The Queen’s New Year Honours list is expected to be published on January 2, but there are a host of actors, sports stars and experts who are already rumoured to be in the running for recognition in 2022.
It is thought that tennis superstar Emma Raducanu will be appointed MBE following her incredible sporting success in 2021. Raducanu became the first qualifier ever to win the US Open in New York in September.
Following the teenager’s triumph, the Queen praised Raducanu in an open letter, hailing it a “remarkable achievement at such a young age”.
Raducanu, who lives in Bromley, has already achieved greatness in 2021 after she was named BBC Sports Personality of the Year earlier in December.
England’s chief medical officer Chris Whitty is also among those rumoured to be recognised by the Queen with reports stating he is likely to receive a knighthood.
Fifty-five-year-old Professor Whitty was first noticed by the nation when he began delivering the Government’s Covid briefings.
It won’t be the first honour bestowed on Professor Whitty – he already holds the title of Companion of the Order of the Bath – in recognition of his service to tropical medicine in the UK and Africa during the Ebola crisis.
007 star Daniel Craig is also thought to be in line for a CMG – a highly prestigious award usually only given to senior diplomats and spies – following the release of his final outing as James Bond in the film No Time to Die.
Fellow actor Joanna Lumley is set to be made a Dame.

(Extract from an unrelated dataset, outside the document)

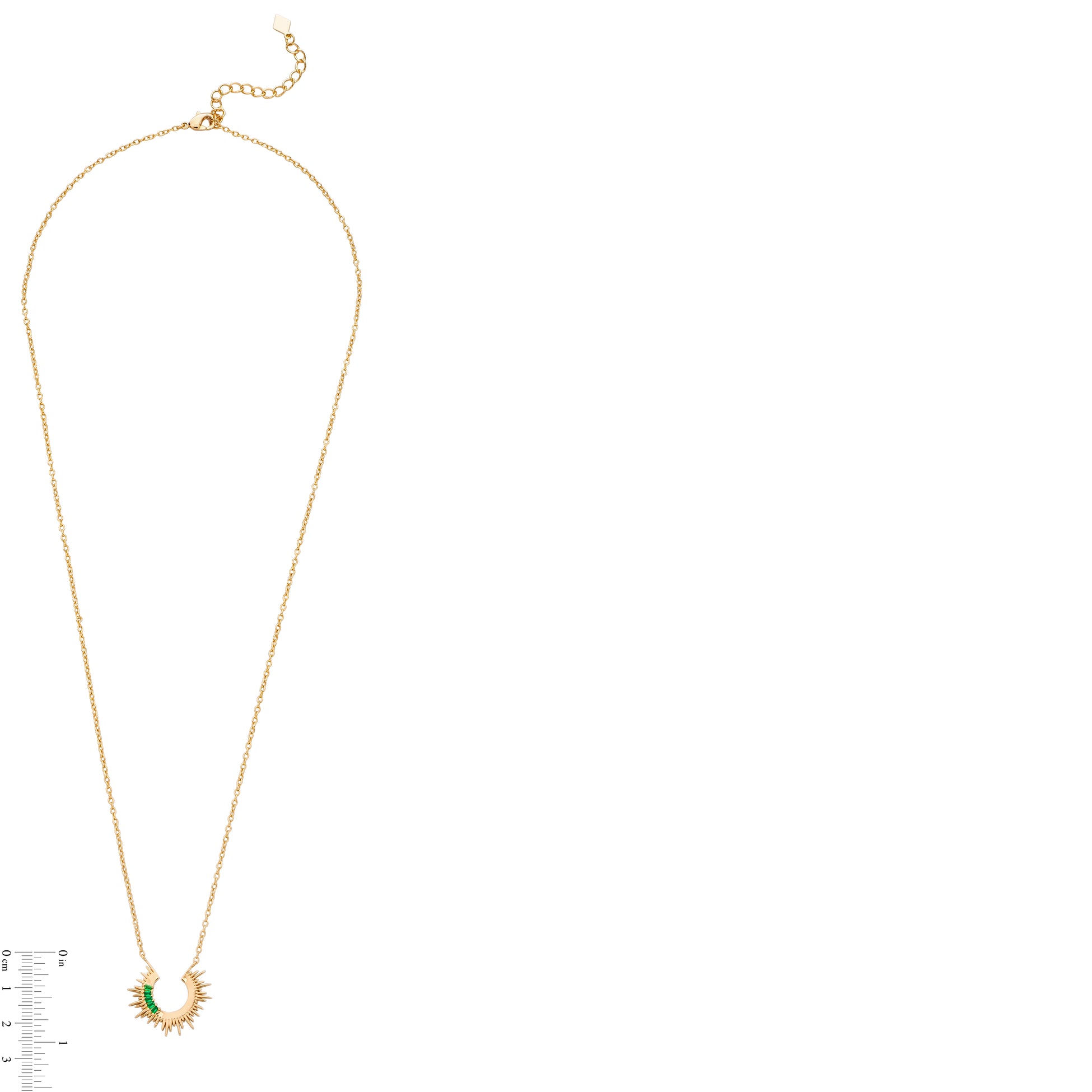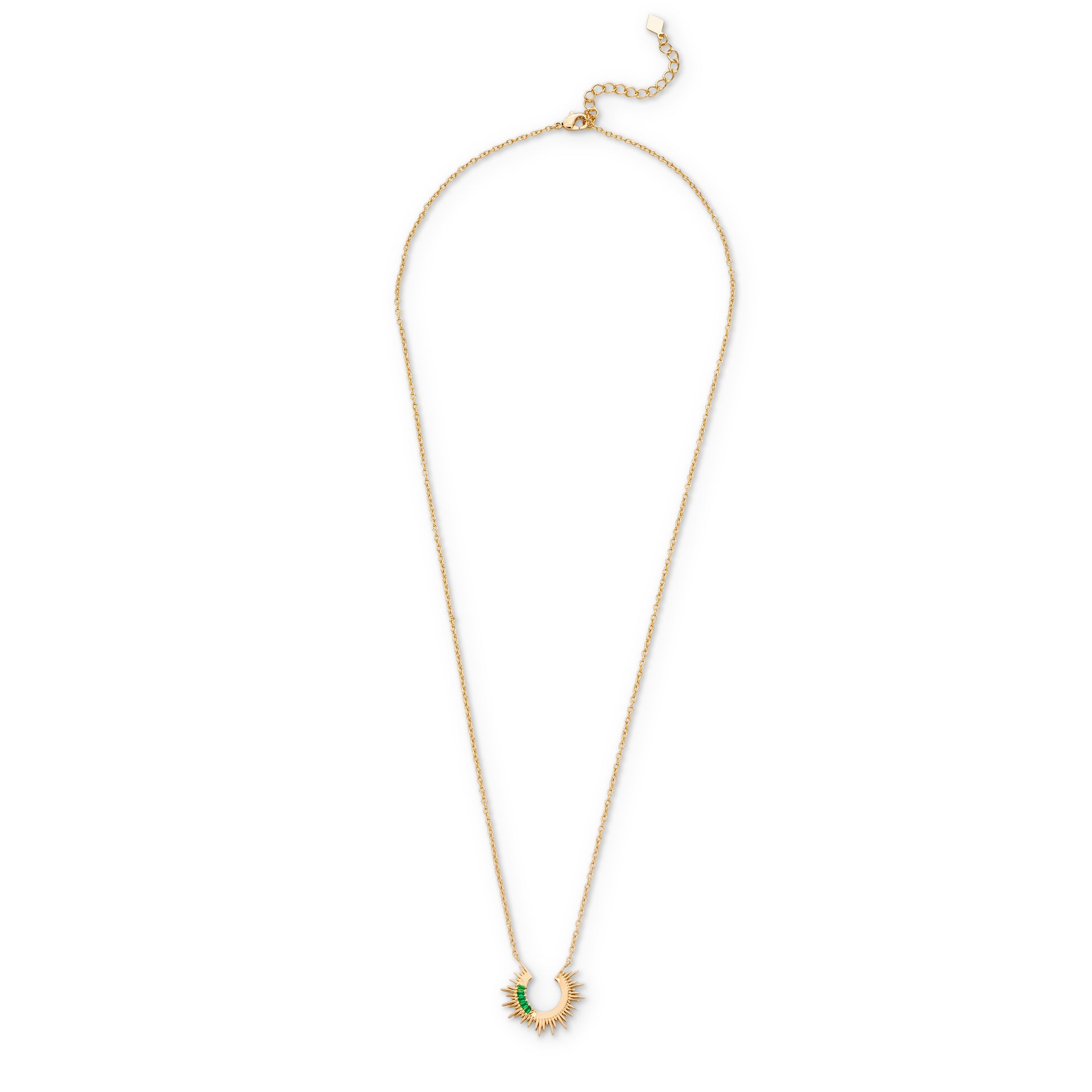 We worked with Joy Dravecky to create an emerald CZ version of the best-selling Sunset Voyage Necklace. Featuring marquis CZ and a crescent shape, the Sunset Voyage Necklace is inspired by the rays of the sun.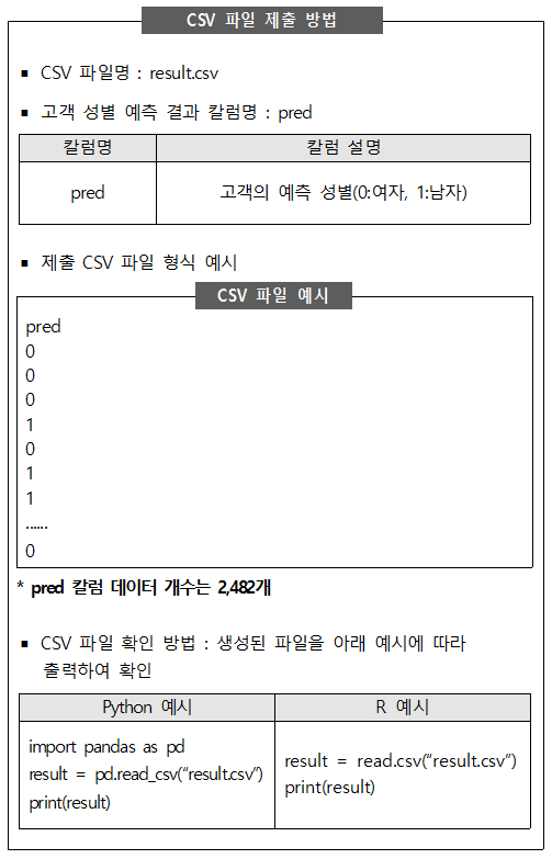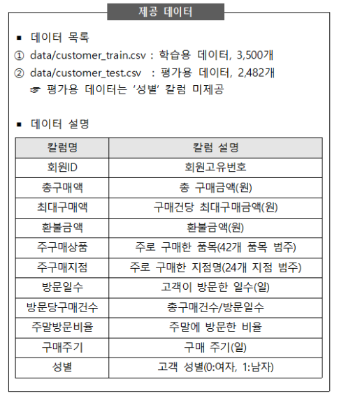 제공된 데이터는 백화점 고객이 1년간 상품을 구매한 속성 데이터이다. 제공된 학습용 데이터(data/customer_train.csv)를 이용하여 백화점 구매 고객의 성별을 예측하는 모델을 개발하고, 개발한 모델에 기반하여 평가용 데이터(data/customer_test.csv)에 적용하여 얻은 성별 예측 결과를 아래 【제출 형식】에 따라 CSV 파일로 생성하여 제출하시오.

Ms Lumley already holds an OBE and recalls the moment she was awarded her honour by The Queen saying: “You don’t remember much except for the beating heart when you walk up and step forward and step back and you’re trying to get all that right.”
She also described the lunch at Buckingham Palace, which took place after the ceremony by saying: “It’s pretty and friendly and not frightening, but it’s always scary to meet the Queen, funnily enough. The Queen is the Queen.
“And you can’t believe it, you get so taken aback by seeing someone who’s so frantically familiar.”
In a tradition dating back to at least 1890, the honours have been awarded to mark the start of the New Year – with the full list published in the London Gazette on January 2.